:: Assigned task ::
Write out the entire listing below exactly, with the pictures left out.

:: Provided data ::
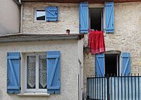 In het mooie Franse plaatsje Chablis, Bourgondie stond dit huis in een smal straatje. De frisse kleuren van het huis, wit, en de blauwe luiken tesamen met de fleurige rode deken uit het raam vroegen er gewoon om om gefotografeerd te worden.
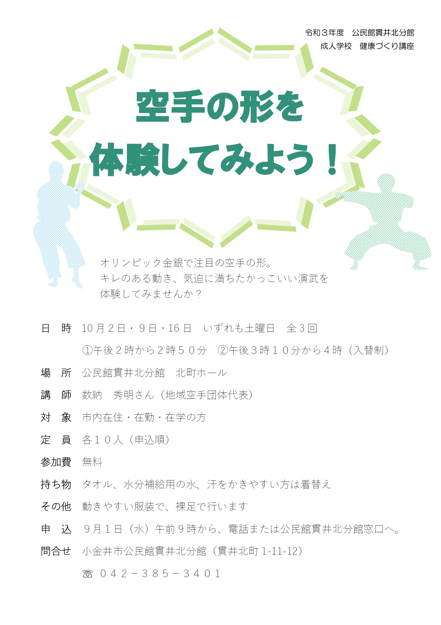 健康づくり講座「空手の形を体験してみよう」参加申し込み受付中です。
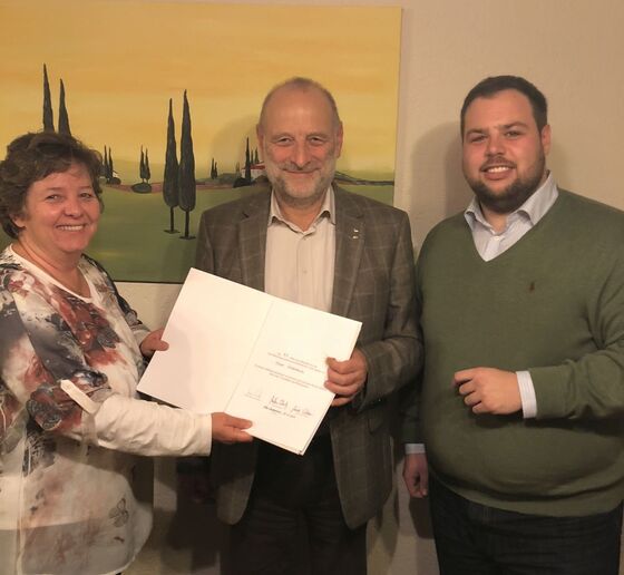 Auf seiner jüngsten Mitgliederversammlung konnte der SPD-Ortsverein Stein-Bockenheim Ernst Scharbach für 40 Jahre Mitgliedschaft in der SPD ehren. Vorsitzende Gabi Anlicker-Bäcker überreichte im Namen des Parteivorsitzenden Martin Schulz eine Urkunde und steckte dem Jubilar die silberne Ehrennadel ans Revers. Die Ortsvereinsvorsitzende bedankte sich für die jahrzehntelange Unterstützung des Ortvereins und der Gemeinde Stein-Bockenheim. Dies sei insbesondere vor dem zeitintensiven Beruf von Scharbach, der Vorsitzender des Hauptpersonalrates der Polizei und Vorsitzender der Gewerkschaft der Polizei Rheinland-Pfalz ist, nicht selbstverständlich.

:: Answer to this task ::
 In het mooie Franse plaatsje Chablis, Bourgondie stond dit huis in een smal straatje. De frisse kleuren van het huis, wit, en de blauwe luiken tesamen met de fleurige rode deken uit het raam vroegen er gewoon om om gefotografeerd te worden.
 健康づくり講座「空手の形を体験してみよう」参加申し込み受付中です。
 Auf seiner jüngsten Mitgliederversammlung konnte der SPD-Ortsverein Stein-Bockenheim Ernst Scharbach für 40 Jahre Mitgliedschaft in der SPD ehren. Vorsitzende Gabi Anlicker-Bäcker überreichte im Namen des Parteivorsitzenden Martin Schulz eine Urkunde und steckte dem Jubilar die silberne Ehrennadel ans Revers. Die Ortsvereinsvorsitzende bedankte sich für die jahrzehntelange Unterstützung des Ortvereins und der Gemeinde Stein-Bockenheim. Dies sei insbesondere vor dem zeitintensiven Beruf von Scharbach, der Vorsitzender des Hauptpersonalrates der Polizei und Vorsitzender der Gewerkschaft der Polizei Rheinland-Pfalz ist, nicht selbstverständlich.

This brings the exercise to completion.